Demolitions of urban–poor communities were one of the most enduring images of the human cost of the APEC Summit. According to some estimates, the number of squatter demolitions in 1996 was up 69% on the previous year. Most of these took place after July when the country was in the thick of preparations for APEC. The Ramos government claimed that it was merely coincidental that thousands of Manila's urban poor had their makeshift homes demolished to make room for road construction and for cosmetic purposes in the months prior to APEC. When the Government ran out of time to do this it put up fences or billboards to disguise the fact that the much vaunted development and economic growth which they so desperately wanted to display to potential foreign investors was not benefiting large sections of Philippine society. The eviction of so many homeless, all to create a good impression for APEC delegates and potential investors, received widespread local and international media coverage. Further to this end, the side of one highrise office building was aglow with fluorescent lights beaming the APEC logo sandwiched between the words "Peace On Earth Goodwill To All Men" and a nativity scene, while a small army of workers feverishly painted the kerbstones white.
Senator Enrile slammed the media, saying that they had become a willing tool of the Left by highlighting reports on demolitions and the conflict between the government and the hosts of anti–APEC parallel conferences.
The security measures and elaborate preparations devised for APEC led many Filipinos to ask if this was the excuse that Ramos needed to impose Marcos–style martial law on a large chunk of the nation. By the time the official meetings kicked off in Manila, local citizens had been added to the list of "unsightly images" which the Government did not want delegates to see, as an enforced four day holiday began, designed to keep people off the streets.

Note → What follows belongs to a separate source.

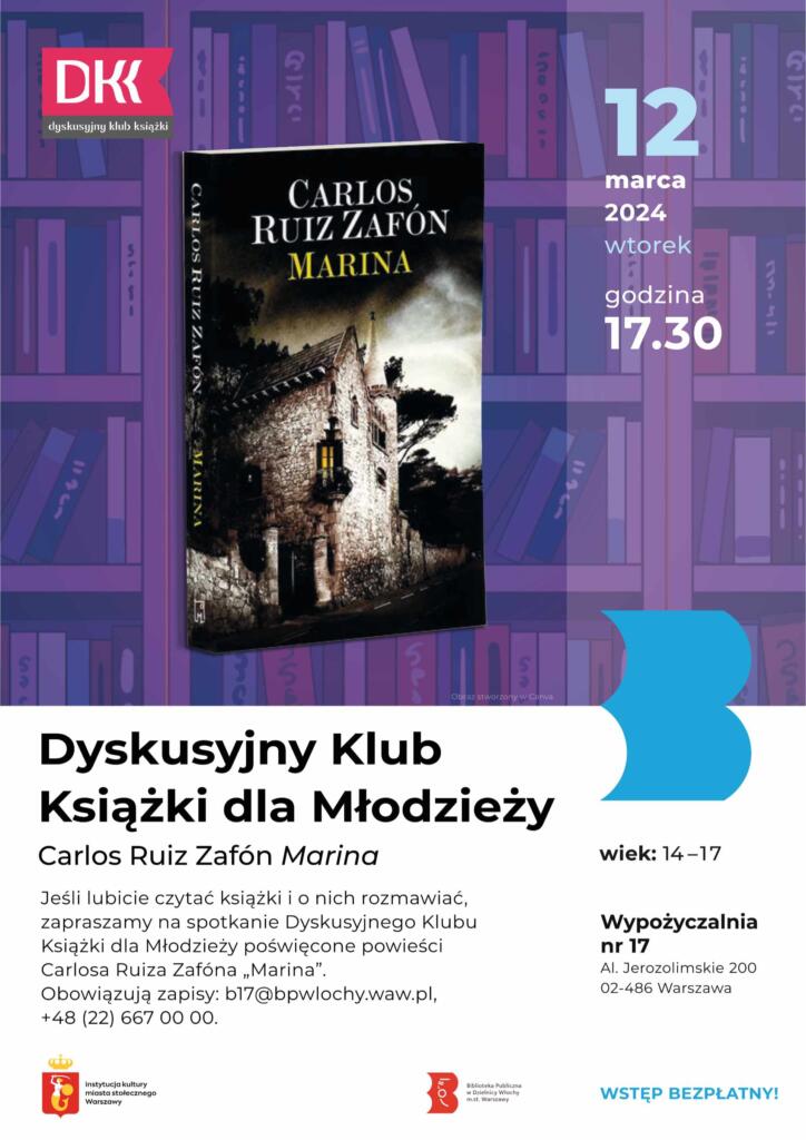 We wtorek 12 marca 2024 o godz. 17.30 zapraszamy młodzież lubiącą czytać do Wypożyczalni nr 17 na spotkanie Dyskusyjnego Klubu Książki dla Młodzieży (14-17 lat).

While the Government claimed to be democratic, political prisoners mounted a hunger strike to expose the truth to those assembled for APEC. There were several bomb scares, tales of "Pakistani–trained" Filipino assassins running around on Basilan in readiness to knock off APEC VIPs. In Subic, two drunk American businessmen were arrested on suspicion of being "Jordanians". Unionist Filemon "Popoy" Lagman was arrested and held by military intelligence in a clumsy and thinly disguised attempt to get him out of the way before the APEC meetings. In and around Subic, thousands of farmers were told that after November 1 they could not go to their farms to harvest their produce for "security reasons".
The security paranoia and the creation of the "friendship lanes" — two lanes each way on four of Manila's main thoroughfares reserved for the exclusive use of APEC delegates and officials so that they could move around without being affected by the traffic — was intensely irritating to many Filipinos right across the political spectrum. Writing in the Philippine Star (26/11/96), Alejandro R. Roces berated the friendship lane concept as an example of "colonial mentality" ignoring the needs of local people all for the sake of giving APEC delegates the illusion that there were no traffic problems in Manila. And it was hard to not see the irony of how the APEC Leaders Meeting took place at the site of a former US military base, and now part of a "special economic area" with an appalling record of labour abuses, and a draconian administration chaired by Richard Gordon.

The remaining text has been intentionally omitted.